Leonore Lee Annenberg: Advisor to Presidents, Friend of the Arts

Leonore Annenberg receives an honorary L.H.D. from USC on May 8, 1998. Courtesy of Lee Salem photography, Courtesy of the University of California, Los Angeles, California, USA.

Leonore Annenberg, better know as Lee, was born to a Jewish family in New York in 1918. Her father, Maxwell Cohn ran a textile business. Her mother, Clara, passed away when Lee was only seven years old. At that time, she and her sister, Judith were sent to live with her uncle Harry Cohn, the founder of Columbia Pictures, in Los Angeles.

Lee attended Stanford University in Palo Alto, and graduated in 1940 with a BA. After marrying and divorcing twice, with a daughter from each marriage, Lee married Walter Annenberg, editor of the Philadelphia Inquirer in 1951.

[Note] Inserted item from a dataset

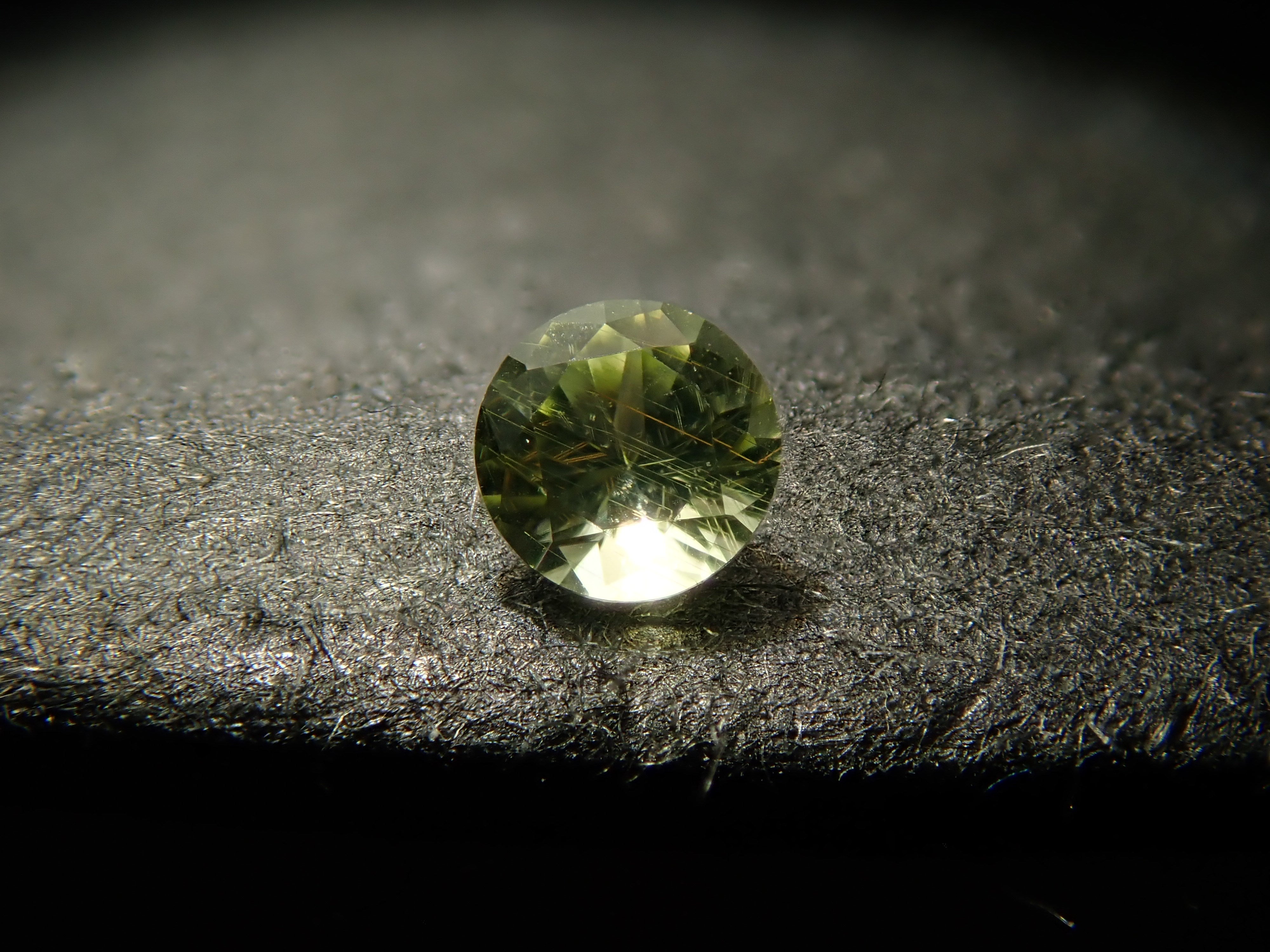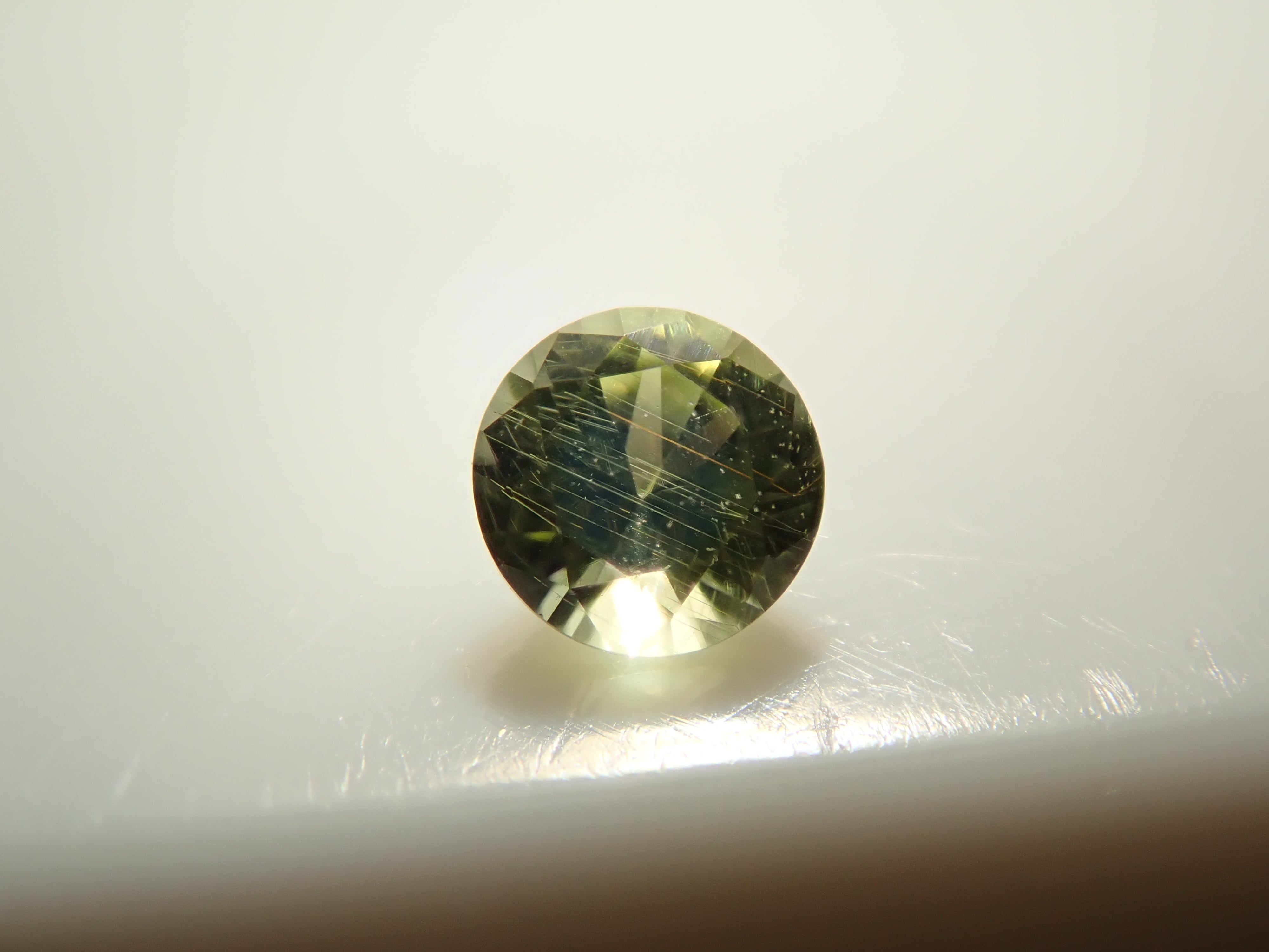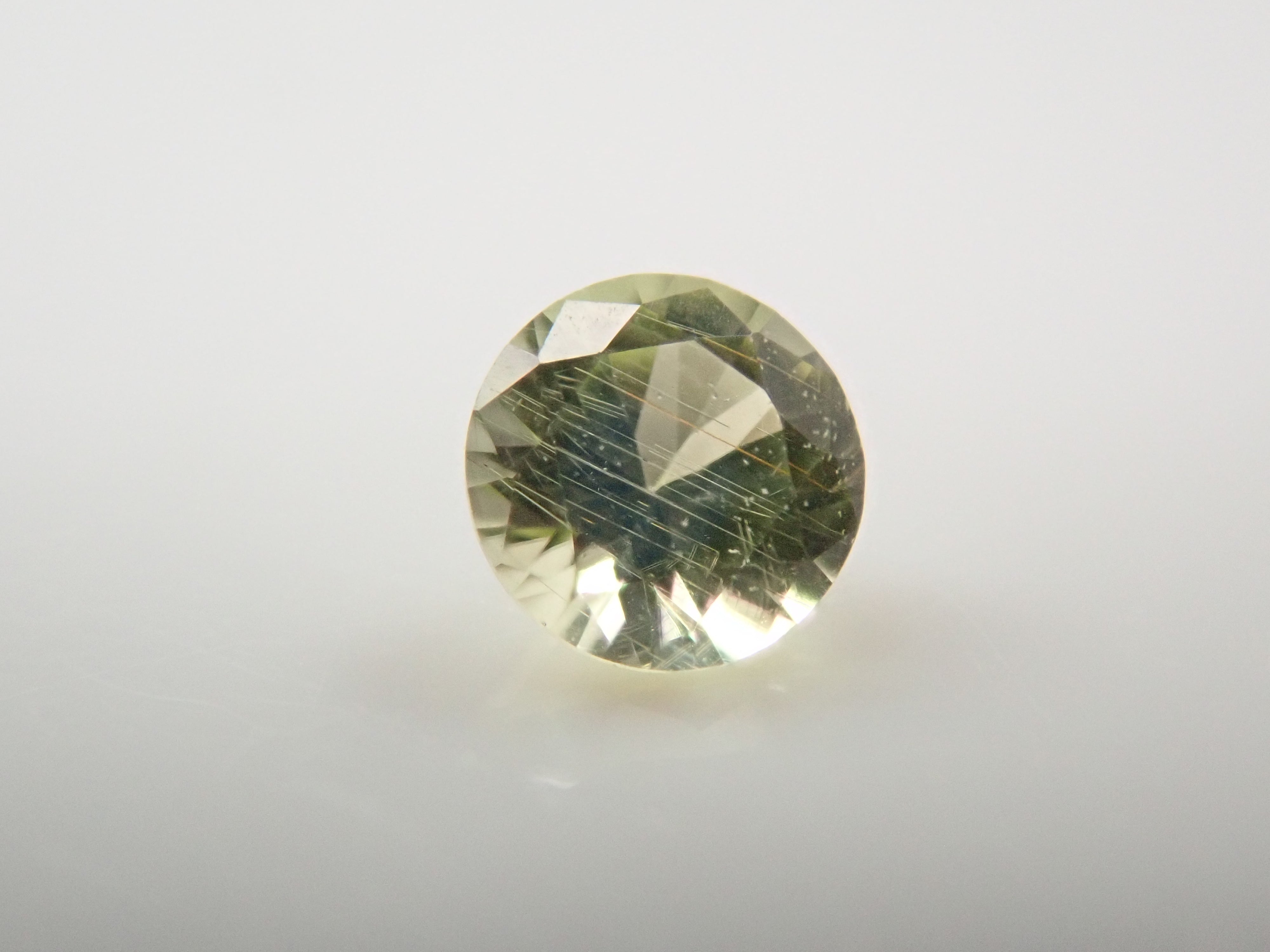 橄欖石是著名的八月誕生石。事實上,橄欖石也存在於月球岩石和隕石中。與地球上的橄欖石相比,它們的差異在於比重更大,且內含物和成分獨特。想到它來自遙遠的太空,就讓人覺得它是一種非常神秘的寶石。寄生橄欖石通常體積較小,是一種罕見的寶石,很少會變成散石。這是一顆直徑2.1毫米、透明度極高的圓形切割寄生橄欖石。

While her husband was the US Ambassador to the United Kingdom in 1969 she founded the American Friends of Covent Garden. The organization’s goal was to encourage good relations between the US and the UK through music.

The couple, Walter and Lee, were supporters of the campaign for Ronald Reagan during his run for president in 1980. After Reagan’s election the President appointed Lee to be the Chief of Protocol of the United States. As such she advised not only the President, but also the Vice President and Secretary of State on all matters having to due with diplomatic protocol. She also had the role of welcoming foreign diplomats and dignitaries upon their arrival to the US. In 1982, saying that she wanted to spend more time with her husband, Lee resigned from her post.

After leaving her post Lee was able to spend more time promoting her philanthropic projects. Her and her husband donated generously to many organizations promoting culture in the US. She was a member of the Acquisitions Committee of the Metropolitan Museum of Art, a member of the Board of Trustees of the Philadelphia Museum of Art, one of the managing directors of The Metropolitan Opera, honorary trustee and former board president of the Palm Springs Art Museum, and a member of the American Philosophical Society. She was also was chairwoman emerita of the Foundation of Art and Preservation in Embassies, and a member of the Committee for the Preservation of the White House.

When her husband died in 2002 Lee took over as chairman and president of the Annenberg Foundation, an organization that funds non-profit organizations and education institutes and programs supporting the arts.

She never stopped supporting her favorite causes, until her death in Rancho Mirage, California in 2009, at the age of 91. She was truly a remarkable woman.